All this makes John Kerry's choice of running-mate more significant. The US media is already writing of the forthcoming TV debates between Dick Cheney and John Edwards with more excited anticipation than the Bush-Kerry set-pieces. John Kerry and John Edwards may be both male, white and Washington politicians, but there is a balance of a kind to the ticket. John Kerry has the gravitas and John Edwards has the pizzazz. John Kerry has nursed the centrist, swing voters with great care. John Edwards will fire up the Democrat core vote with his Disraeli-style depiction of two American nations, one privileged and the other powerless.

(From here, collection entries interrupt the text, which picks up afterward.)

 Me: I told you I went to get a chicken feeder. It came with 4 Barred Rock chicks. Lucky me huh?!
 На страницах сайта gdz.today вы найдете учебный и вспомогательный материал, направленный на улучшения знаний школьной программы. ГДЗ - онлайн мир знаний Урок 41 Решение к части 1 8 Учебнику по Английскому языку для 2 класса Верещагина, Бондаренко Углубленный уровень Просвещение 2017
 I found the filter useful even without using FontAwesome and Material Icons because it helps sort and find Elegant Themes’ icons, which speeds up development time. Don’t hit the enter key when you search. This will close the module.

They are a combination which may just work. The mood-swing among Democrats is certainly positive. I spent much of this week in the Netherlands with Madeleine Albright and other long-standing Democrats. When I visited them in the US last summer, it was rather like being dropped behind enemy lines to bring messages of encouragement to a demoralised resistance. Now, only a year later, there is a real sense that discussing relations with a Democrat administration is no longer a theoretical question, but sensible planning.

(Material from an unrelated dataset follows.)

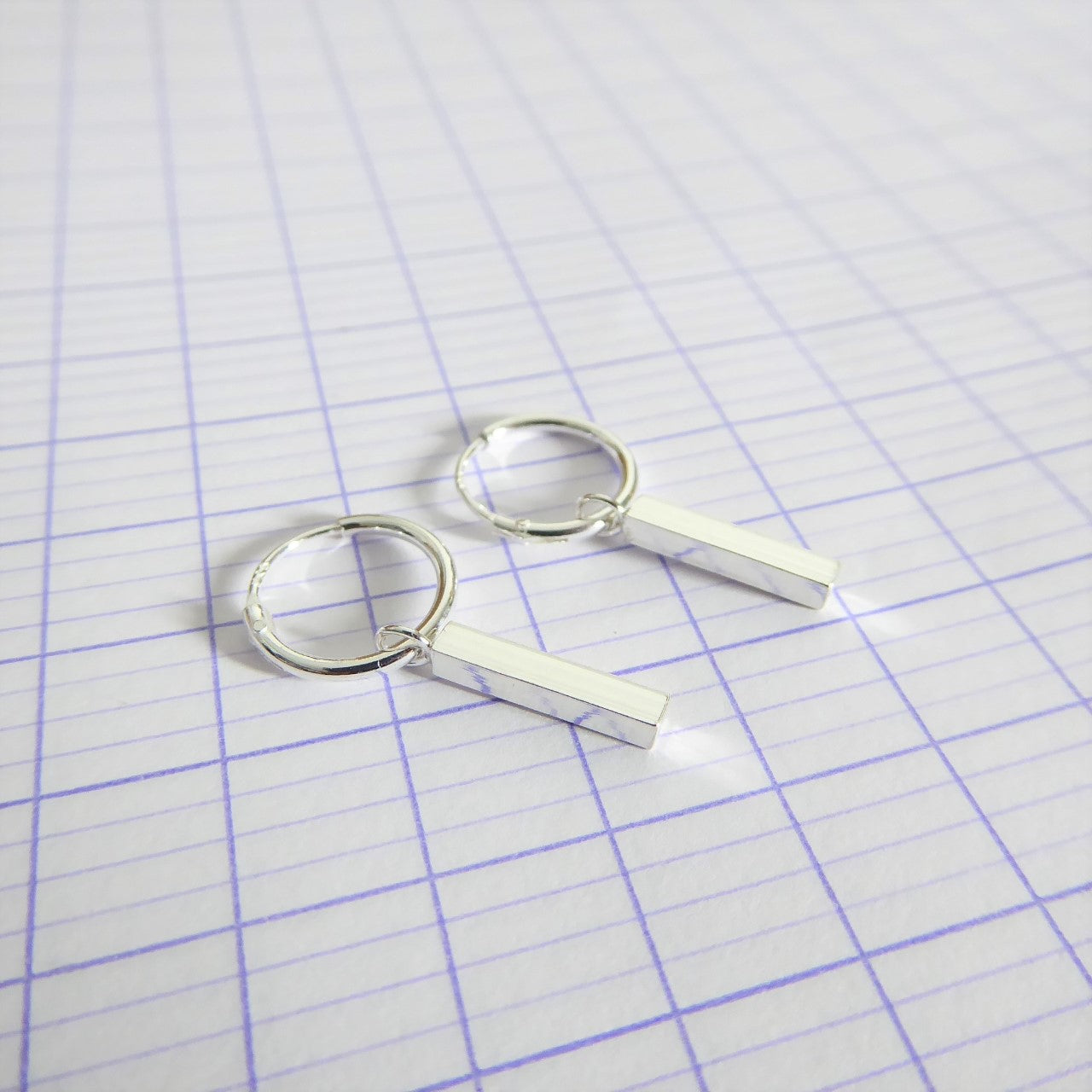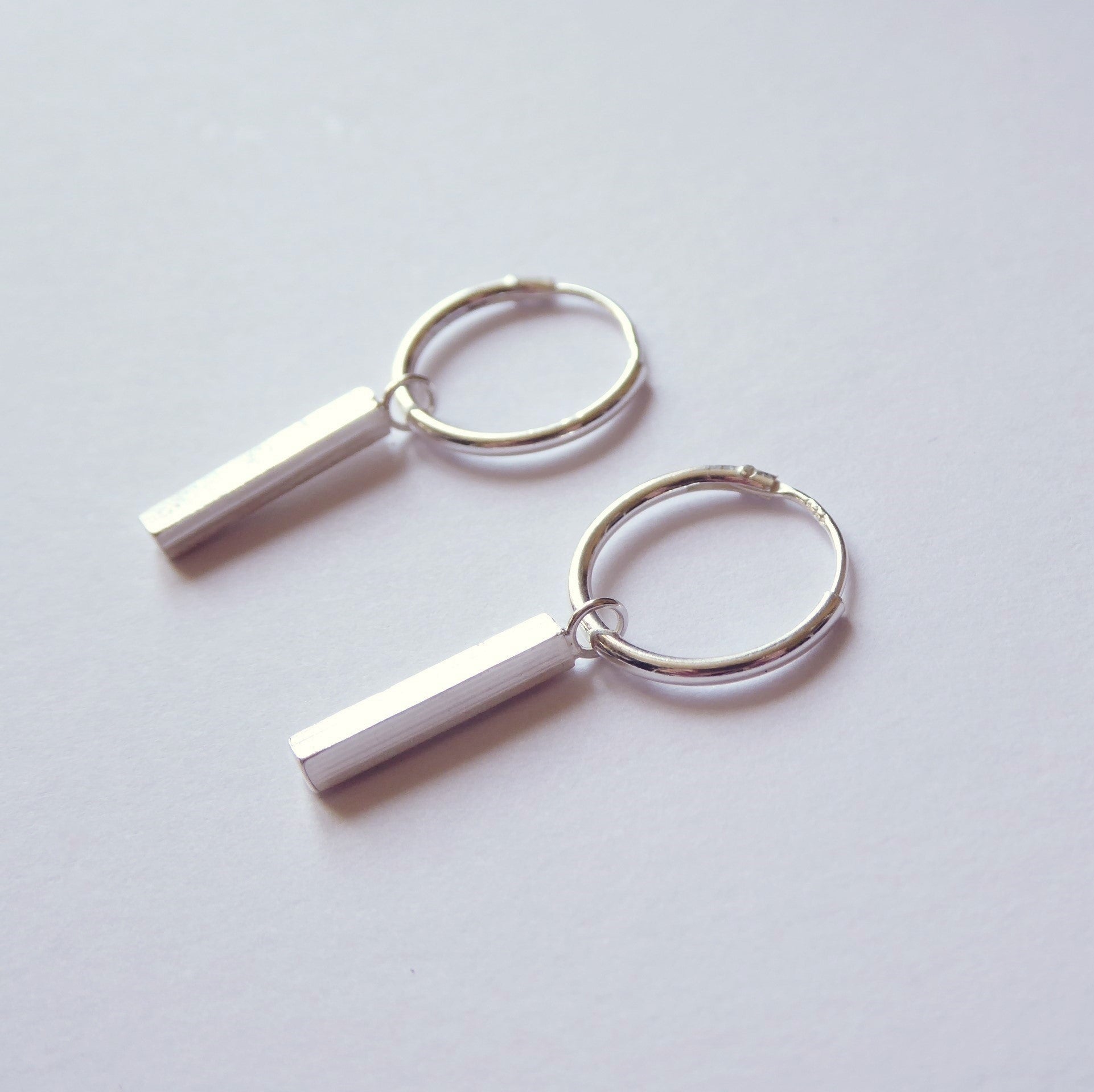 The bars measure approx 12mm and hang from a 14mm sterling silver hoop. These earrings are also available with ear hook if you would prefer. Please select which you would like.

The Bush administration will leave transatlantic relations badly in need of repair. Iraq provoked a crisis in Nato which one of its staff compared to a "near-death experience". US officials are given to complaining that at the Istanbul summit they tried to build bridges by offering joint initiatives and brandishing UN mandates, but were rebuffed. The truth is that the conversion of George Bush to multilateralism is just too close to the presidential elections to be convincing.

A Kerry-Edwards victory is a necessary condition of restoring the transatlantic partnership, but we should not delude ourselves that it will be a sufficient condition. Europe needs to recognise that the orientation of the US will increasingly turn to the Pacific rather than the Atlantic.

In short, if Europe wants the transatlantic relationship to remain important to the US, we need to work at it. Here we face a conundrum in the British debate. Those who badge themselves Atlanticists, especially in the Conservative Party, like to prove their commitment to the US by demonstrating their lack of commitment to the EU. But Washington has no interest in a fractured Europe of fractious nations each competing for a pat of approval from the superpower. Its defense analysts lament that all large European nations struggle to maintain a full military spectrum of air, sea and land capability instead of specialising in complementary roles. Its foreign policy strategists are impatient of the incoherence of European external policy.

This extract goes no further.